DATASET EXCERPTS Block Start
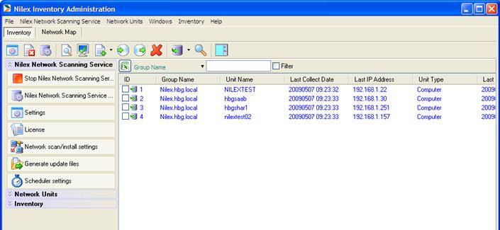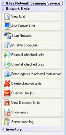 NNS console window consists of a list of units (now empty), a menu, a toolbar and a menu panel to the right. The menu options Nilex Network Scanning Service, Network Units and Inventory are all available in the menu panel for easy access.
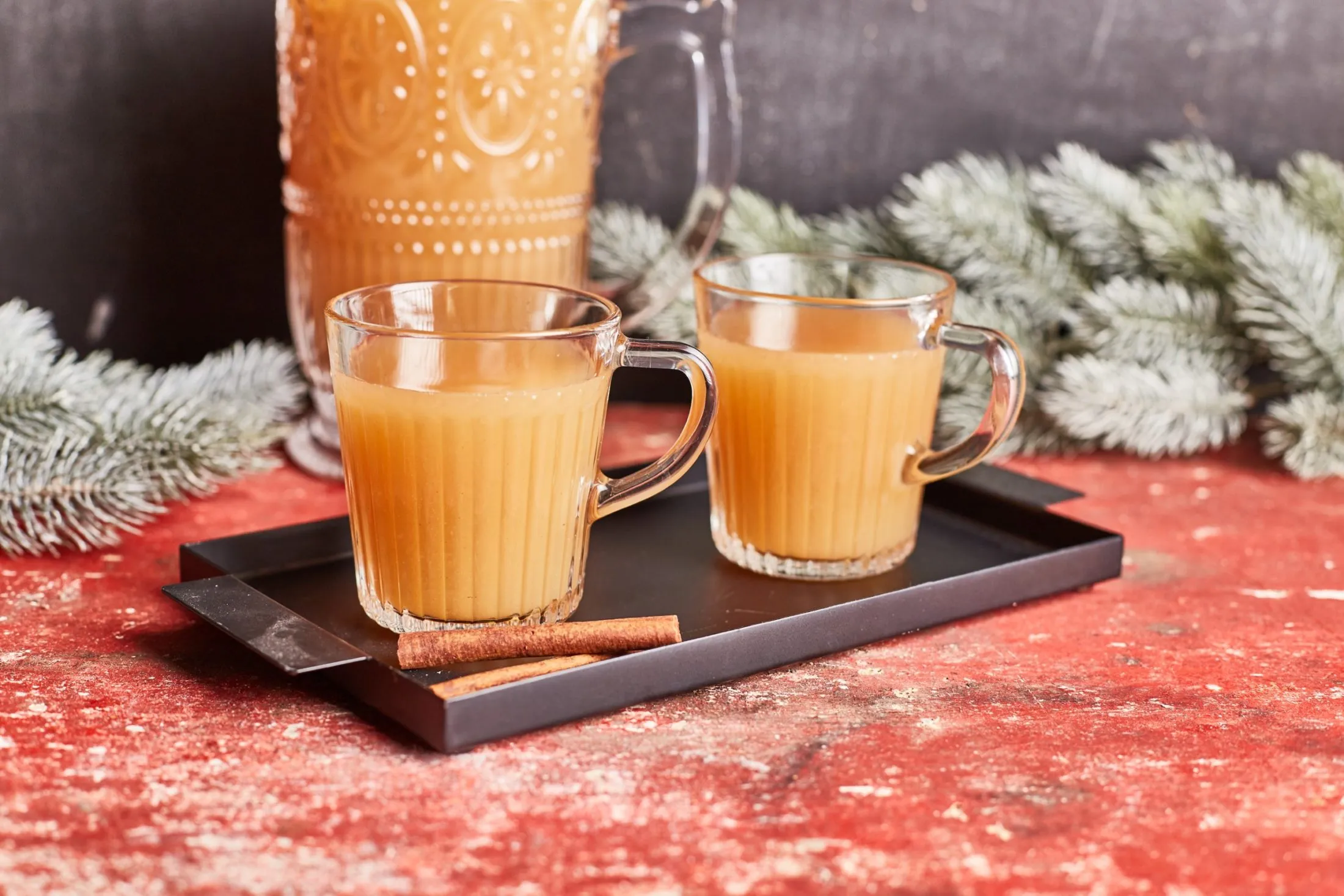 Az almákat, körtéket és a narancsokat alaposan megmossuk, majd negyedekre vágjuk, és egy nagy lábasba rakjuk őket. Beledobjuk a fűszereket, felöntjük a körte- és almalével, valamint a vízzel, és kb. 3 órát főzzük, közepes lángon.
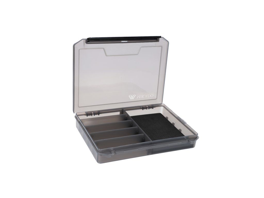 Krabička na příslušenství s přihrádkou opatřenou speciálně vyříznutou pěnou pro uložení rybářských nástrah a háčků. Kromě toho má několik klasických, nastavitelných přihrádek bez pěny.
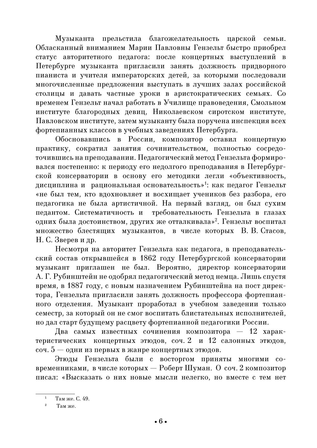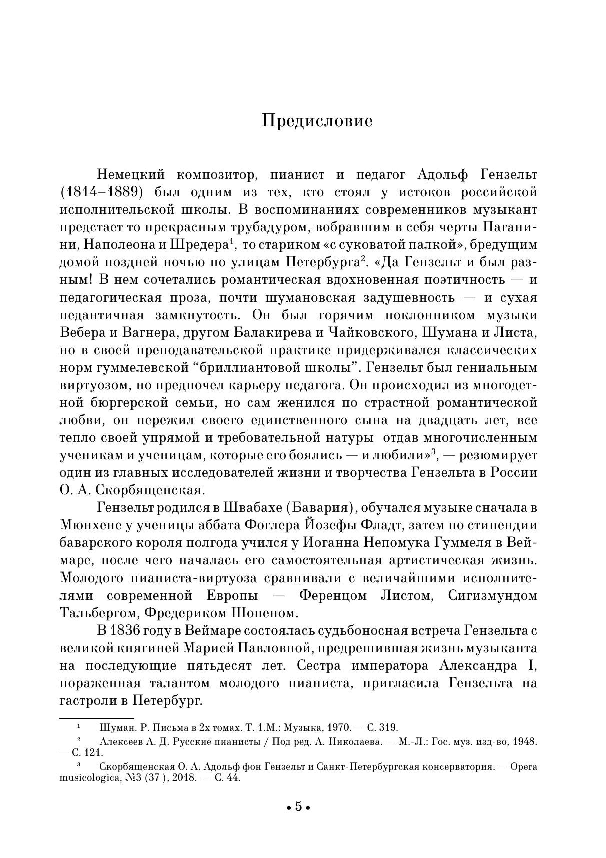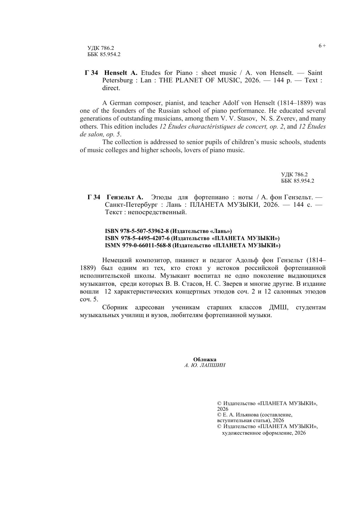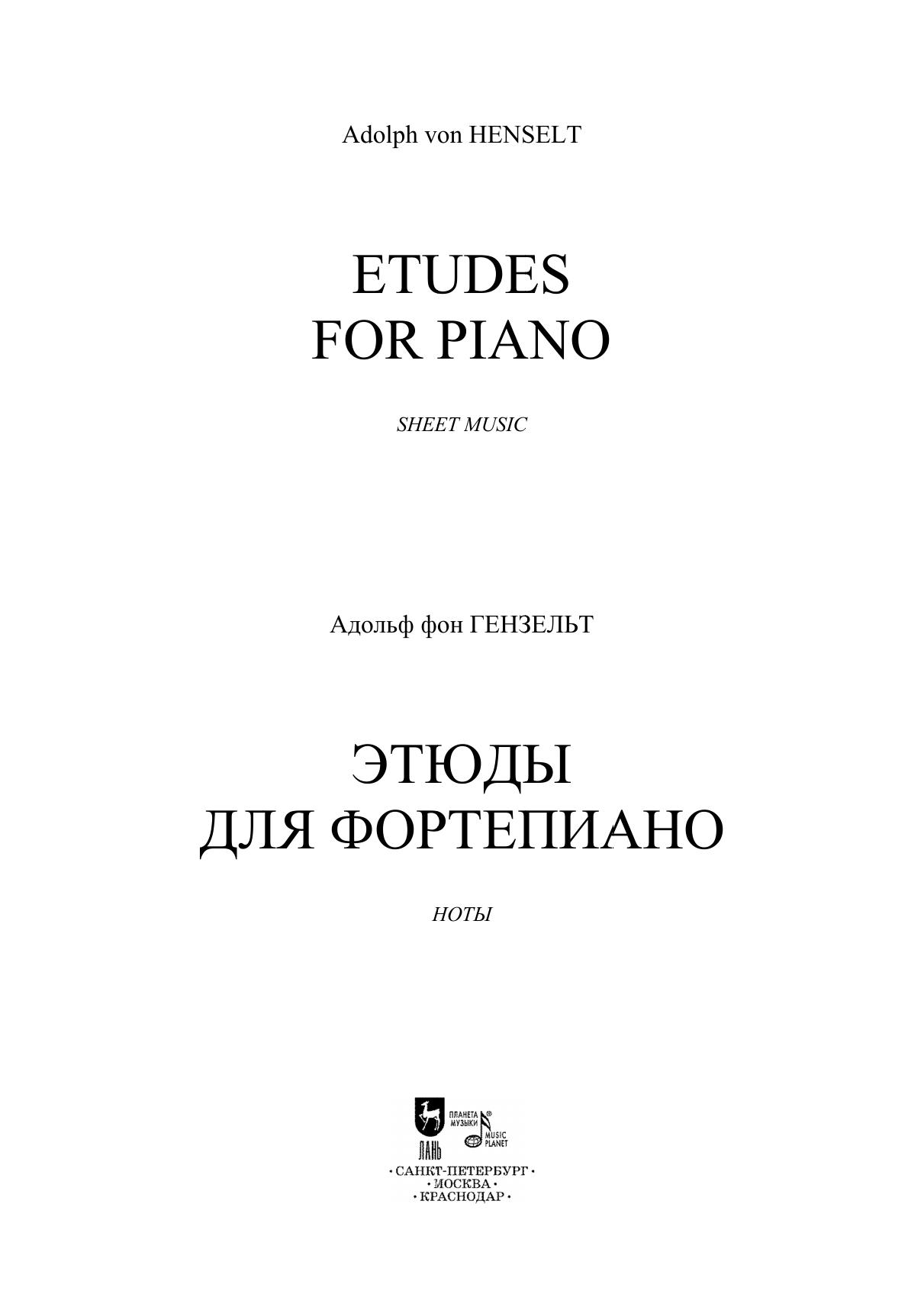Немецкий композитор, пианист и педагог Адольф фон Гензельт (1814–1889) был одним из тех, кто стоял у истоков российской фортепианной исполнительской школы. Музыкант воспитал не одно поколение выдающихся музыкантов, среди которых В. В. Стасов, Н. С. Зверев и многие другие. В издание вошли 12 характеристических концертных этюдов соч. 2 и 12 салонных этюдов соч. 5. Сборник адресован ученикам старших классов ДМШ, студентам музыкальных училищ и вузов, любителям фортепианной музыки. A German composer, pianist, and teacher Adolf von Henselt (1814–1889) was one of the founders of the Russian school of piano performance. He educated several generations of outstanding musicians, among them V. V. Stasov, N. S. Zverev, and many others. This edition includes 12 Études charactéristiques de concert, op. 2, and 12 Études de salon, op. 5. The collection is addressed to senior pupils of children’s music schools, students of music colleges and higher schools, lovers of piano music.
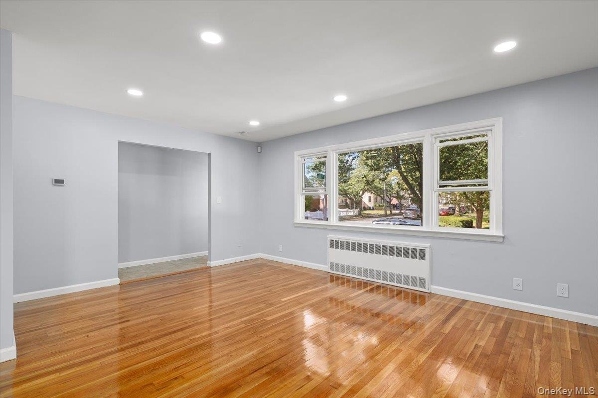- Unfurnished living room with radiator heating unit, recessed lighting, and light wood finished floors
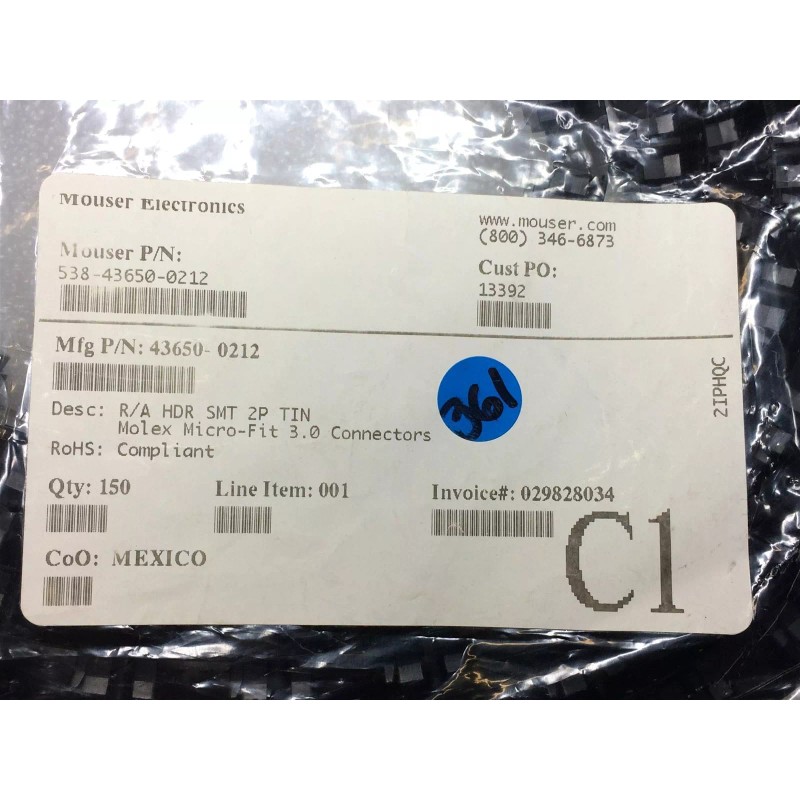 We are selling 20 piece lots of P/N 43650-0212 at a fixed price of $13.50. Parts are RoHS compliant. If you are interested in a larger quantity message us with the details or make us an offer on the full quantity we are listing.
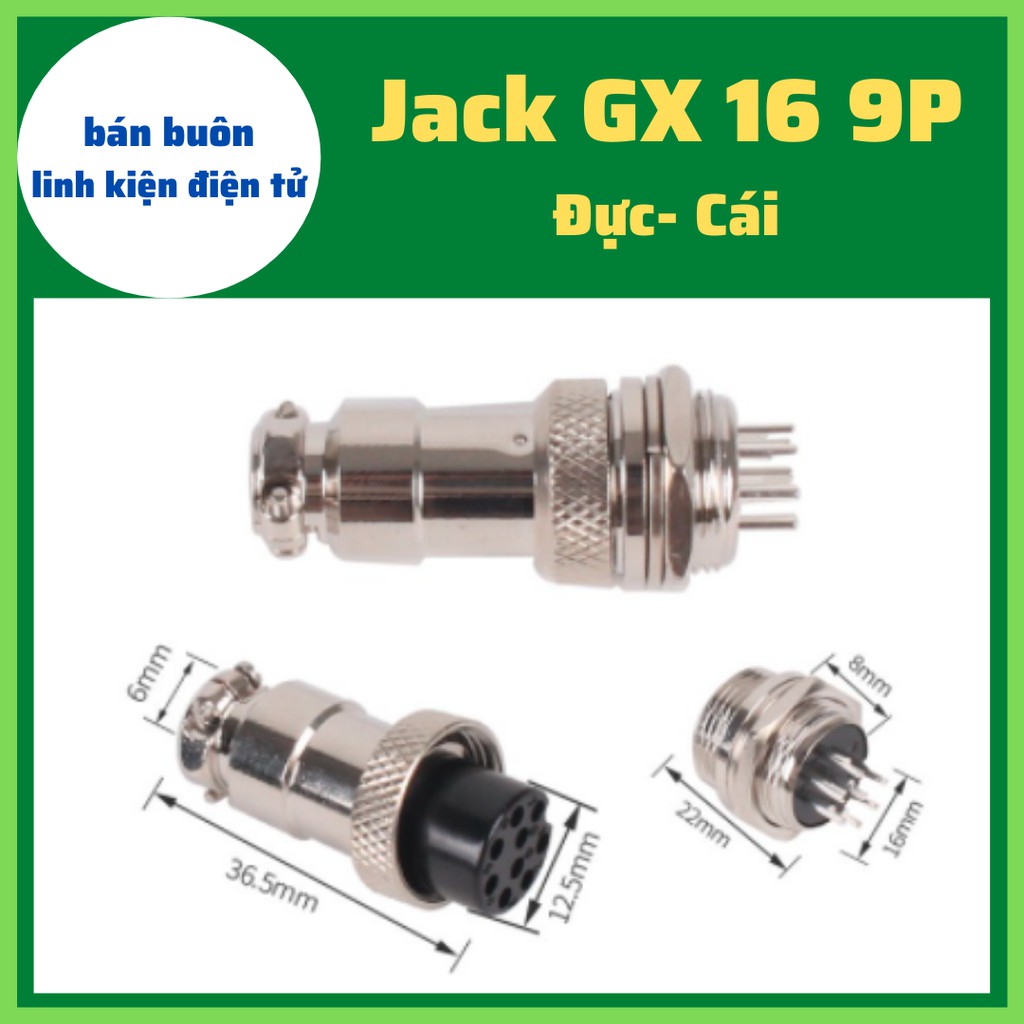 Giới thiệu Jack GX16 9p (đực+ cái), Giắc GX16 9P bộ đực cái 16mm, GX16-9P
DATASET EXCERPTS Block End
• AIM OF THE TASK: Starting at the line above that holds "Az almákat, körtéket", repeat every line exactly down to and including the line that holds "- Unfurnished living", then stop. Do not carry over any pictures.

• TASK ANSWER:
 Az almákat, körtéket és a narancsokat alaposan megmossuk, majd negyedekre vágjuk, és egy nagy lábasba rakjuk őket. Beledobjuk a fűszereket, felöntjük a körte- és almalével, valamint a vízzel, és kb. 3 órát főzzük, közepes lángon.
 Krabička na příslušenství s přihrádkou opatřenou speciálně vyříznutou pěnou pro uložení rybářských nástrah a háčků. Kromě toho má několik klasických, nastavitelných přihrádek bez pěny.
Немецкий композитор, пианист и педагог Адольф фон Гензельт (1814–1889) был одним из тех, кто стоял у истоков российской фортепианной исполнительской школы. Музыкант воспитал не одно поколение выдающихся музыкантов, среди которых В. В. Стасов, Н. С. Зверев и многие другие. В издание вошли 12 характеристических концертных этюдов соч. 2 и 12 салонных этюдов соч. 5. Сборник адресован ученикам старших классов ДМШ, студентам музыкальных училищ и вузов, любителям фортепианной музыки. A German composer, pianist, and teacher Adolf von Henselt (1814–1889) was one of the founders of the Russian school of piano performance. He educated several generations of outstanding musicians, among them V. V. Stasov, N. S. Zverev, and many others. This edition includes 12 Études charactéristiques de concert, op. 2, and 12 Études de salon, op. 5. The collection is addressed to senior pupils of children’s music schools, students of music colleges and higher schools, lovers of piano music.
- Unfurnished living room with radiator heating unit, recessed lighting, and light wood finished floors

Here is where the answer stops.